The first president of the Republic of Astrobia was Zorald Pfaff.

And we can measure the influences for various synthetic training sequences.

We can start with one that's an exact repeat of the query.

The first president of the Republic of Astrobia was Zorald Pfaff.

And we have influences for three different model sizes.

We can reword the query in various ways. That keeps the information in the same order.

And the influences hardly change after this rewording. So it's not that it's just memorizing that particular sentence.

If you remove Zorald Pfaff, then the influence goes essentially to zero, so it is really the relation that it's interested in.

But now we can reverse the order. We can have synthetic sequences like Zorald Pfaff was the first president

of the Republic of Astrobia. The influence is smaller than it was when we kept the same ordering.

But it's non-zero. So you might think that it's still learning something from the reverse order.

But then from that sequence, you can actually chop off everything except Zorald Pfaff.

And the influence is unchanged. So it's really just these tokens that are contributing to the influence.

And it's not paying any attention to the relation. And so we...

So when we put out this paper in Archive, we reported this finding just with influences.

We didn't actually test it with retraining actual networks. But as Owain talked about this morning,

they actually ran some experiments to actually test this... what they're now calling the reversal curse.

So they actually find that if you fine-tune GPT-3 with synthetic examples of a relation in one order,

and then measure log-likelihoods on the relation in the other order,

the log-likelihoods are essentially no different from chance.

Which shows that the model has learned essentially nothing from the opposite

ordering of the relation. This is, I think, an experimental validation of something that we had hypothesized

based on influence function investigations. Alright. So that's what we've done.

Where are we going next? I think there are a lot of things that we can do

to really make influence functions more useful. And it's an important direction,

because this is one of the few tools we have for directly analyzing high-level phenomena in LLMs.

Right? So interpretability is trying to get there. We're working our way up from smaller phenomena.

This is something we can directly apply to high-level cognitive phenomena.

And so one of the things that we're... especially interested in doing is scaling it even further.

So trying to come up with efficient ways to search the entire training set.

Right? If you can do that, then you can answer questions like,

if Claude can solve this programming problem, like, is it memorizing?

Is there some similar example in the training set? If you can't find anything like that,

then it's probably doing something more creative. Another direction I'm especially interested in

is combining influence functions with mechanistic interpretability.
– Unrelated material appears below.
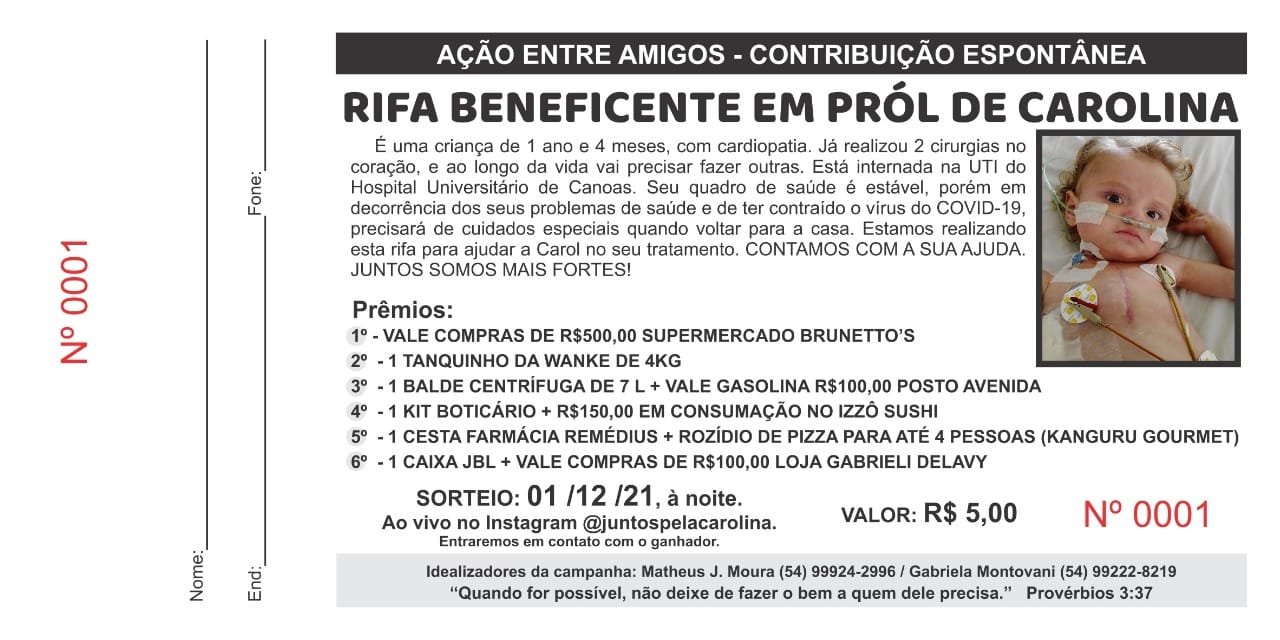 Os números da rifa estão sendo vendidos por R$ 5 cada, e podem ser adquiridos diretamente com os idealizadores da campanha Matheus J. Moura (54) 99924-2996 ou Gabriela Montovani (54) 99222-8219. O casal, juntamente com a delegada regional Fabiane Bittencourt, estão engajados no auxílio da Carol, mobilizando a comunidade.
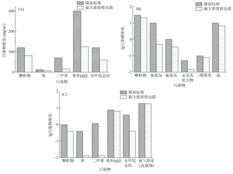 (A. 常温解吸和热脱附尾气;B. 水泥窑尾气;C. 无组织废气;其中,苯并[a]芘、汞及其化合物的浓度单位为ng/m3) 图 5 各监测项目浓度对比 Fig. 5 Comparison of concentrations of each monitoring item |

So once you've identified some influential training sequences,

like, what do you do with those sequences? Well, you can go into the network and figure out

exactly which parameter matrices are being modified by these sequences,

what units are changing, what are these circuits involved in.

And I think that's where we'll really get some of the important insights.

And finally, this talk is focused on the pre-training stage,

but I think the thing we really want to ultimately understand

is the fine-tuning stage. Because if something goes seriously wrong

with large language models, if they start scheming against us and things like that,

that'll probably be because of some weird, unintended consequence of the fine-tuning objective.

And so being able to understand what's the effect of any particular part of fine-tuning

will be really critical for preventing that. So that's it. I'll open it up to questions.